A citizen petition was introduced.
Petitions regarding citizens can be used from regulating policies to issuing laws on provisions of products. FDA Citizen Petitions are important because it is a public process that allows the petitioners a right to knowledge and the people concerned, be it the patients, the stakeholders, or the concerned doctors. It is out in public to jurisdiction. Also, the amends and the solutions everything is kept on record for public view and further reviews.
What is FDA Citizen Petition?
The FDA citizen petition is a process provided by the United States Food and Drug Administration for individuals and community organizations to make requests to the FDA to amend changes in healthcare policies.
Found in the Title 21 of the Code of Federal Regulations (21 CFR Part 10), Citizen petition
There is a stipulated period given to the FDA to reply. Firstly it was 180 days, but then due to amends, it got changed to 150 days. Following this, if FDA fails to respond, it will have to face jurisdiction themselves.
Who can file for Citizen Petition: Citizen Petitions are mostly filed by the drug companies, but the public can do the petitions. Anyone affected by any stringent laws exclusively under the FDA can file a petition and request to take any action against the whole issue or even request necessary changes to the law. The FDA then can do a clear verification and bring injustice to the petitions requested within the given frame of time.

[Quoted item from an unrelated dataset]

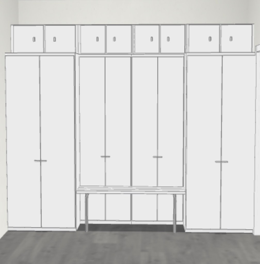 Even though both of these designs look fine, I knew that the cabinets with the ducts in them would not be as functional as I need them to be to hide backpacks, hats, coats, etc.

Impact of the citizen petitions
The impact has been eminent since the first petition filed. More companies and individuals are joining the fight for their regulatory actions. Regular amends and response by FDA have been encouraging as well. Famous FDA Advocate and Researcher Scott Lassman and several have researched and written several articles about the laws and actions, making companies and individuals aware of it.
Citizen Petition under Section 505(q)
Section 505(q) is an act amended by the Hatch-Waxman Act. This section states that the FDA cannot afford to delay approving an ANDA to the concern raised in a citizen petition unless it was necessary to protect their health. It is also mandatory that the FDA needs to respond to a petition within 180 days.
In trying times of today, FDA Citizen Petitions are important and very much needed to picture a clear view of all the amends, laws, and jurisdiction concerning public health. The petitions and jurisdictions are highly transparent and are recorded in the administrative view. New amends to the laws and regulatory acts are always important.